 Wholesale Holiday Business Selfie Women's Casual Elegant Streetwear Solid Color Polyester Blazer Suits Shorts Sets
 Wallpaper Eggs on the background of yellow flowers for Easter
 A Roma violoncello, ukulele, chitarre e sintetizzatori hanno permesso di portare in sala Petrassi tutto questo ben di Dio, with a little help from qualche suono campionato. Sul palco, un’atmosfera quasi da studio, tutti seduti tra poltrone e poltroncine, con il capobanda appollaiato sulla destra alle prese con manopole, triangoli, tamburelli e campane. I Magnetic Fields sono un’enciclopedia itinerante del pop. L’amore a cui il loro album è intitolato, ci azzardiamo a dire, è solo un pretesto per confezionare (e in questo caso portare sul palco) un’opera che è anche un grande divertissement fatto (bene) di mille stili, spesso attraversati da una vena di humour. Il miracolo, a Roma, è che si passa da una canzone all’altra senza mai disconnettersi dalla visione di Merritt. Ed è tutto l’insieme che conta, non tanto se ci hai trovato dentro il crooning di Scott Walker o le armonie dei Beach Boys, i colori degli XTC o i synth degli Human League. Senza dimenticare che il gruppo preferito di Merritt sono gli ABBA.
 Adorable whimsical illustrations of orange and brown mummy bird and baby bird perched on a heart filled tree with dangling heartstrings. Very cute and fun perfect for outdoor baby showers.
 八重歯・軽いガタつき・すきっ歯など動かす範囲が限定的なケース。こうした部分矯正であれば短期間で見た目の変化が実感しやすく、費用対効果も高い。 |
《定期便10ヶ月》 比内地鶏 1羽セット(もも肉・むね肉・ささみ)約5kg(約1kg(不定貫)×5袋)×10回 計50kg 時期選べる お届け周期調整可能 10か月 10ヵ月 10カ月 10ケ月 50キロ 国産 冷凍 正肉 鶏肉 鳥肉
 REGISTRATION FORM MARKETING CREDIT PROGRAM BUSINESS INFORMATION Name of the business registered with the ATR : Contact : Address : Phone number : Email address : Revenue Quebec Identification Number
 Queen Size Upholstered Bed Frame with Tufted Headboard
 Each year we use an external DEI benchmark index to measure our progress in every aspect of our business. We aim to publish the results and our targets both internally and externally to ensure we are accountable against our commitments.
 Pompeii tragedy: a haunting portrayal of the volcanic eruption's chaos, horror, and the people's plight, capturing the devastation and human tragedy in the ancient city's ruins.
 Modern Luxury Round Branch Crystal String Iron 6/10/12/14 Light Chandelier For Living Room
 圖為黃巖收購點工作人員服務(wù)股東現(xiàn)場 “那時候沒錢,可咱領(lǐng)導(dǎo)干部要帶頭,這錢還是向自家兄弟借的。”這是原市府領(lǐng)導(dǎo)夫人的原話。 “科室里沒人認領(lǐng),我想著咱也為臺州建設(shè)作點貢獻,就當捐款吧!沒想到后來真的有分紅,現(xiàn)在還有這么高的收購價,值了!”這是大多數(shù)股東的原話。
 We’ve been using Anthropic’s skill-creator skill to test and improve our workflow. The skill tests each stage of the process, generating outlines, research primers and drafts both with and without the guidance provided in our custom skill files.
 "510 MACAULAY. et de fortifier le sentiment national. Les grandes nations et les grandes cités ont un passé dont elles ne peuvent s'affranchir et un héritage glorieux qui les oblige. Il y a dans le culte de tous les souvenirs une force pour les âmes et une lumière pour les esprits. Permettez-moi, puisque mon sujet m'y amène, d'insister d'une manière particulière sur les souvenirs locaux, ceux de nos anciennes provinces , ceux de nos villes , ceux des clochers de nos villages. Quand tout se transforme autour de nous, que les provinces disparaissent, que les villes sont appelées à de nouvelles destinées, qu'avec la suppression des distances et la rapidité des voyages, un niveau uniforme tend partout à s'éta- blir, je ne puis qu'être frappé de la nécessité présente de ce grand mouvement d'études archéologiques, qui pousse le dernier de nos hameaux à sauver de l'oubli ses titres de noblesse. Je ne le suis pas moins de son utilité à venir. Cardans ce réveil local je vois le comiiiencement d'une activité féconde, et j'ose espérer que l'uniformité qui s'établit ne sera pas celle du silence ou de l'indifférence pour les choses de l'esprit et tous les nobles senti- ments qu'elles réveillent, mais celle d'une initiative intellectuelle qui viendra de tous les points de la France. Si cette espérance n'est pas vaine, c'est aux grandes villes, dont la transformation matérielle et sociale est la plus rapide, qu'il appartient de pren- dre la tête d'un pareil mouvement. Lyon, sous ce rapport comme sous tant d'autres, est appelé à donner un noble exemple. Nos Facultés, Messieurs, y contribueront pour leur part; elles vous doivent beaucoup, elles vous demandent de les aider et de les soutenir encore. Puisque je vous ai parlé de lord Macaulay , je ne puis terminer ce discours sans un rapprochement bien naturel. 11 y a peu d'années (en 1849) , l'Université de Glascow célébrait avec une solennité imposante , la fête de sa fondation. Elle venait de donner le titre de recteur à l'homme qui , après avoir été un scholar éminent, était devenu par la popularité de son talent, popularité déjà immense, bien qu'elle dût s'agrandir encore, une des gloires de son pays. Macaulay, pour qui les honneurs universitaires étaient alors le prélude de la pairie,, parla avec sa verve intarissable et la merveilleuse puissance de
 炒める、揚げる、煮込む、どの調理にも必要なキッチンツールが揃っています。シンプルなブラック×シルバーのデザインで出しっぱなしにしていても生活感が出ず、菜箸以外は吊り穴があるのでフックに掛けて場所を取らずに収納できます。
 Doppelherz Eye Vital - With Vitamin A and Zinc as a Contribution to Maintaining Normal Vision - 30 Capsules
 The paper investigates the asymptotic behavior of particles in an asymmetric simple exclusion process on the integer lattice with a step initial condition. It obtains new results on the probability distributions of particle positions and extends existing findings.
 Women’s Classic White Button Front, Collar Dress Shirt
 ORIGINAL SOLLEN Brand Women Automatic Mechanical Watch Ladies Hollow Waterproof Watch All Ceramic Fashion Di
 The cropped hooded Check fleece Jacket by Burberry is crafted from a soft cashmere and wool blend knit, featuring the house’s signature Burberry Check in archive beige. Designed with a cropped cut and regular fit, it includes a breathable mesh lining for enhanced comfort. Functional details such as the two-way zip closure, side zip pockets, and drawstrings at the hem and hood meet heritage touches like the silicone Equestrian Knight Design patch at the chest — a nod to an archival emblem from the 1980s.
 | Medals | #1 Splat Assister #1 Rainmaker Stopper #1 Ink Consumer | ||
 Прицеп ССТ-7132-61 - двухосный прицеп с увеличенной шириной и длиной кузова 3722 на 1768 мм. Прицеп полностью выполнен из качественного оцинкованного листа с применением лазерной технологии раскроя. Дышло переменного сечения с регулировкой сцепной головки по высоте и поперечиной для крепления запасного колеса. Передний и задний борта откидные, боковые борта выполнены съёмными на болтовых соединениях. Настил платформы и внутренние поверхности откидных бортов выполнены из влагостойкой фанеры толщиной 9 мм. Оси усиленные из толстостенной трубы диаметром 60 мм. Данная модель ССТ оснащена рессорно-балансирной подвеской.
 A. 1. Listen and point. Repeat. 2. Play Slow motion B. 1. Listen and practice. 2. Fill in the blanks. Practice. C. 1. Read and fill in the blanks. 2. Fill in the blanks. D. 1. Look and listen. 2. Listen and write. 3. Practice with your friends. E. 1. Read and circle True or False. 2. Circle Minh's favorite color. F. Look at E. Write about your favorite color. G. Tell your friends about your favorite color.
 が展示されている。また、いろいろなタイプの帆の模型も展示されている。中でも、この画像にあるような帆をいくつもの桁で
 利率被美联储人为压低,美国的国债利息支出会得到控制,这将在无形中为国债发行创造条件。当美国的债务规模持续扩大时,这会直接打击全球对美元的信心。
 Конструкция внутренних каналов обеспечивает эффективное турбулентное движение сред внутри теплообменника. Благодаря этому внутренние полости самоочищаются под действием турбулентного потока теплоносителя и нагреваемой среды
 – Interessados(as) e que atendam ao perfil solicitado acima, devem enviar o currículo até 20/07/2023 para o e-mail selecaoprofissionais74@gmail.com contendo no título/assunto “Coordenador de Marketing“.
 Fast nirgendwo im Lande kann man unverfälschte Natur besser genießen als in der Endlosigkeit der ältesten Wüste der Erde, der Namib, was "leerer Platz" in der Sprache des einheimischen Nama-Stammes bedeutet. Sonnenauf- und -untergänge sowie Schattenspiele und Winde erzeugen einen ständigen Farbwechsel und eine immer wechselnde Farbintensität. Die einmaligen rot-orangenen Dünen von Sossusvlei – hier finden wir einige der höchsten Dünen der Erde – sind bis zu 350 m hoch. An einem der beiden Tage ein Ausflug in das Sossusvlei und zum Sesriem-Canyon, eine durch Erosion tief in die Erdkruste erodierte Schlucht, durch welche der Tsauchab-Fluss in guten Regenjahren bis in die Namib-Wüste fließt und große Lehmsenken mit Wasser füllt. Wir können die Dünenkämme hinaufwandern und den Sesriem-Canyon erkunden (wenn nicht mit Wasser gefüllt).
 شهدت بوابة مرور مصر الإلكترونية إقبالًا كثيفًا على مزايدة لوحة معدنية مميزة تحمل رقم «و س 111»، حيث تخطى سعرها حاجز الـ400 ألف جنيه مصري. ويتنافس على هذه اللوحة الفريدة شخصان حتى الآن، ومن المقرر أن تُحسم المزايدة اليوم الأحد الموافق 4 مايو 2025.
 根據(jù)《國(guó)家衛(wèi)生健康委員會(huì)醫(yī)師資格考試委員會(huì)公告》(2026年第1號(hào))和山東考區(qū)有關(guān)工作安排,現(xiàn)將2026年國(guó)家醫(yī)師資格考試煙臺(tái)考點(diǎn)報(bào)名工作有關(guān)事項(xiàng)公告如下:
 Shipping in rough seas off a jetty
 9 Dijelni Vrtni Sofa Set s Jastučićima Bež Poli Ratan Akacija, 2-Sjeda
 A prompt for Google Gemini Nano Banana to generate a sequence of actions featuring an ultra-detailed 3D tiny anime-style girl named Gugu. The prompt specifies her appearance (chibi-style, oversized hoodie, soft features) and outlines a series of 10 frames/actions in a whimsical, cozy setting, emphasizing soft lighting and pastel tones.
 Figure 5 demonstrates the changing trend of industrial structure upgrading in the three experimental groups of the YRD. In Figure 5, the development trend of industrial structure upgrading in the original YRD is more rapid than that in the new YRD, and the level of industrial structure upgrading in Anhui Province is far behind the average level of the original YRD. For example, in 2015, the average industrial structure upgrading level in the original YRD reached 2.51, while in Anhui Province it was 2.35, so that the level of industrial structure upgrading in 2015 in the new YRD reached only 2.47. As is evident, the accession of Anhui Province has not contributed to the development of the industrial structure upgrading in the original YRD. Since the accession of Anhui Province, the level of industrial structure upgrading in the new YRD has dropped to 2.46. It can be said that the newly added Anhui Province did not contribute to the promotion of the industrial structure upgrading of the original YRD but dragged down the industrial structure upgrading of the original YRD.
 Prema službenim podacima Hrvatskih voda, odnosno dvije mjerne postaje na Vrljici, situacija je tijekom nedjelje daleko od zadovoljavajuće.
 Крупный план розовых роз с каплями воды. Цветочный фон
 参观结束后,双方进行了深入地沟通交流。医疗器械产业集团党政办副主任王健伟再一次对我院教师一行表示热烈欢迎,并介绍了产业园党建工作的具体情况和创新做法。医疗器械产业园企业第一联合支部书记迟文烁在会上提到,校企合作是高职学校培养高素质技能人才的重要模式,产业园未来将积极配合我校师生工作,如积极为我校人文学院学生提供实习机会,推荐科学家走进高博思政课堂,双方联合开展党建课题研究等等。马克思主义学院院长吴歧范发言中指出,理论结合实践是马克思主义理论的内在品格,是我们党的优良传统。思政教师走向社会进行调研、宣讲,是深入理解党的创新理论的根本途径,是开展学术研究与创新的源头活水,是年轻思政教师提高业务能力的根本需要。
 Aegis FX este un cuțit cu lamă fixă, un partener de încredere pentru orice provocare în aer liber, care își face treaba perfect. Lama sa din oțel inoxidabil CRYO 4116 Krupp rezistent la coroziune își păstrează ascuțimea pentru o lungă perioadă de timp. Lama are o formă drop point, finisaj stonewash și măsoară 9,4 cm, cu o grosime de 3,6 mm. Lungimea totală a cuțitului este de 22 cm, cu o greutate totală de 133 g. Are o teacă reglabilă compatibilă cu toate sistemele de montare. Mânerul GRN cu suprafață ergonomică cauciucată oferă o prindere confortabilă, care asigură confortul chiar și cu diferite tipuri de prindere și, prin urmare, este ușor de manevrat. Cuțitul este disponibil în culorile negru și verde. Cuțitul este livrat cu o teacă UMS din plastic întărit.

PROBLEM REQUIREMENTS:
Retype only the stretch of lines above starting at the one with "根據(jù)《國(guó)家" and stopping at the one with "9 Dijelni Vrtni", exactly as written, with both kept.

SOLUTION:
 根據(jù)《國(guó)家衛(wèi)生健康委員會(huì)醫(yī)師資格考試委員會(huì)公告》(2026年第1號(hào))和山東考區(qū)有關(guān)工作安排,現(xiàn)將2026年國(guó)家醫(yī)師資格考試煙臺(tái)考點(diǎn)報(bào)名工作有關(guān)事項(xiàng)公告如下:
 Shipping in rough seas off a jetty
 9 Dijelni Vrtni Sofa Set s Jastučićima Bež Poli Ratan Akacija, 2-Sjeda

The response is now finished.